Он уселся на скамейку и начал говорить о Париже, называя его современным Вавилоном. Он только что прибыл оттуда и знал решительно всех. Он бывал у г-жи де Б., это сущий ангел. Он читал проповеди в ее салоне, и их слушали, преклонив колена. (Хуже всего было то, что он говорил правду.) Одного из его друзей, которого он сам ввел туда, недавно выгнали из коллежа за то, что он обольстил одну девицу, и это очень дурно, очень печально. Он наговорил тысячу любезностей г-же Пирсон, восторгаясь ее благотворительной деятельностью. До него дошли слухи о ее благодеяниях, о том, как она заботится о больных, вплоть до того, что сама ухаживает за ними. Это так прекрасно, так благородно. Он не преминет рассказать об этом в семинарии св. Сульпиция. Уж не собирался ли он сообщить об этом и самому господу богу?
Утомленный этой длинной речью и желая удержаться от пренебрежительного жеста, я улегся на траву и стал играть с козленком. Меркансон устремил на меня свой безжизненный, тусклый взгляд.
— У прославленного Верньо, — сказал он, — тоже была эта странная привычка — садиться на землю и играть с животными.
— Это весьма невинная странность, господин аббат, — возразил я. — Если бы все наши странности были столь же невинны, мир мог бы существовать сам по себе, без всякого участия такого множества людей, которым не терпится вмешаться в его дела.
Мой ответ не понравился Меркансону. Он нахмурился и заговорил о другом.

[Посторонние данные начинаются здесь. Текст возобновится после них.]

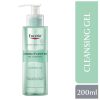 - Use a cherry-sized amount of Eucerin DermoPurifyer Oil Control Cleansing Gel and work it into a lather in your hand with a little water. Massage into your face. Rinse with lukewarm water. Avoid contact with your eyes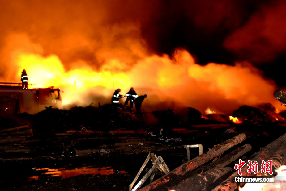 2010年8月16日9時(shí)40分左右,黑龍江省伊春市烏馬河區(qū)華利實(shí)業(yè)有限公司鞭炮廠發(fā)生持續(xù)爆炸。爆炸發(fā)生后,伊春市委、市政府緊急啟動(dòng)爆炸事件、醫(yī)療救護(hù)應(yīng)急處置預(yù)案,緊急調(diào)派公安、消防、醫(yī)療救護(hù)、武警部隊(duì)、駐軍部隊(duì)2000余人及時(shí)進(jìn)行搶救,經(jīng)過(guò)8個(gè)多小時(shí)的奮力鏖戰(zhàn),因爆炸引起的火災(zāi)已全部撲滅。截至17日零時(shí),發(fā)生在當(dāng)?shù)貫躐R河區(qū)的鞭炮廠爆炸已造成19人死亡,5人失蹤,住院傷者153人。準(zhǔn)確原因正在進(jìn)一步調(diào)查之中。圖為16日夜23時(shí)30分,武警消防部隊(duì)官兵不辭辛苦仍戰(zhàn)斗在火場(chǎng)一線清理殘火。陳剛 攝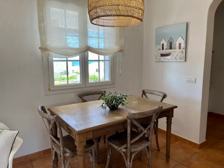 La salle à manger est équipée d’une table et de chaises, ainsi que de portes-fenêtres donnant sur la terrasse. La cuisine est ouverte et dispose d’un lave-vaisselle, d’un four, d’une plaque de cuisson électrique, d’un micro-ondes et d’un réfrigérateur-congélateur, ainsi que de toute la vaisselle et les couverts dont vous aurez besoin pour des vacances en toute autonomie.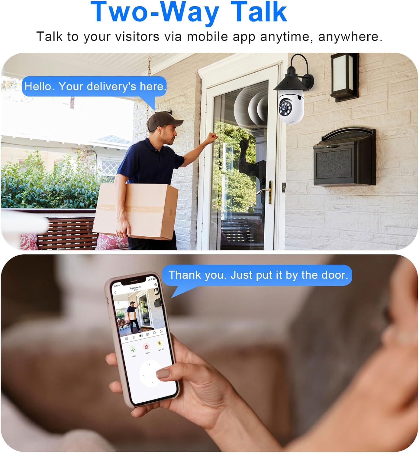 Olvídate de cables, taladros o técnicos. Solo enrosca la cámara en un casquillo E27, conéctala a tu red WiFi (2.4G o 5G) y contrólala desde tu celular en segundos.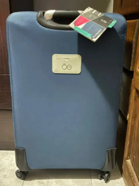 Juego de dos maletas para documentar grande de 76cm y mediana de 65cm de alto azul marino totalmente nuevas jamás se han usado cada maleta cuenta con divisiones en el interior funda de protección para el exterior del equipaje bastón retráctil de posiciónes candado de seguridad TSA y llantasGiratorias 360’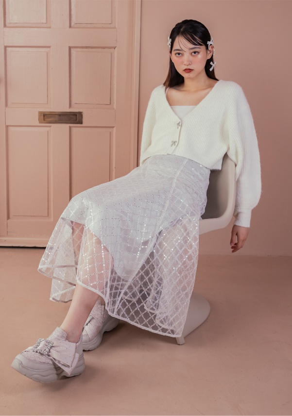 程よいモード感を残しつつ、シルバースタッズやシアーをふわりと重ねて儚げでガーリーなRANDAらしいデザインに仕上げました。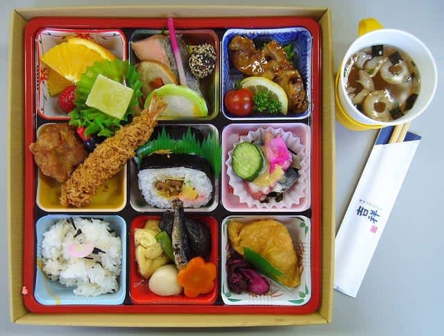 キレイで食べるところのないいつものお祝い弁当。おかずは良いのだけど、ご飯の量が少なすぎて困る。女性向きか修行僧用。

Он явился сюда с поручением: его родственник, местный кюре, рассказал ему об одном бедняке, который не мог заработать себе на хлеб; живет он там-то и там-то. Он сам, Меркансон, уже был у него и принял в нем участие. Он надеется, что г-жа Пирсон…
Пока он говорил, я все время смотрел на г-жу Пирсон и с нетерпением ждал, что она что-нибудь скажет, как будто звук ее голоса должен был утолить боль, которую мне причинял голос священника, но она только низко поклонилась ему, и он удалился.
После его ухода веселость снова вернулась к нам, и мы решили пойти в оранжерею, находившуюся в глубине сада.
Госпожа Пирсон обращалась со своими цветами точно так же, как со своими птицами и со своими соседями-фермерами. Для того чтобы она, этот добрый ангел, могла быть веселой и счастливой, все окружавшее ее должно было наслаждаться жизнью, должно было получать свою каплю воды и свой луч солнца. Поэтому ее оранжерея содержалась в образцовом порядке и была прелестна.
— Господин де Т., - сказала мне г-жа Пирсон, когда мы осмотрели оранжерею, — вот и весь мой маленький мирок. Теперь вы видели все, что у меня есть, и на этом кончаются мои владения.
— Сударыня, — ответил я, — если имя моего отца, благодаря которому я имел честь войти в ваш дом, позволит мне снова прийти сюда, я поверю, что счастье еще не совсем забыло меня.
Она протянула мне руку, и я почтительно пожал ее, не осмелившись поднести к губам.
Вечером, придя домой, я запер дверь и лег в постель. Перед моими глазами стоял маленький белый домик. Я представлял себе, как завтра вечером я выйду из дому, миную деревню, липовую аллею и постучусь у ее калитки.
— О мое бедное сердце! — воскликнул я. — Хвала небу! Ты еще молодо, ты можешь жить, ты можешь любить!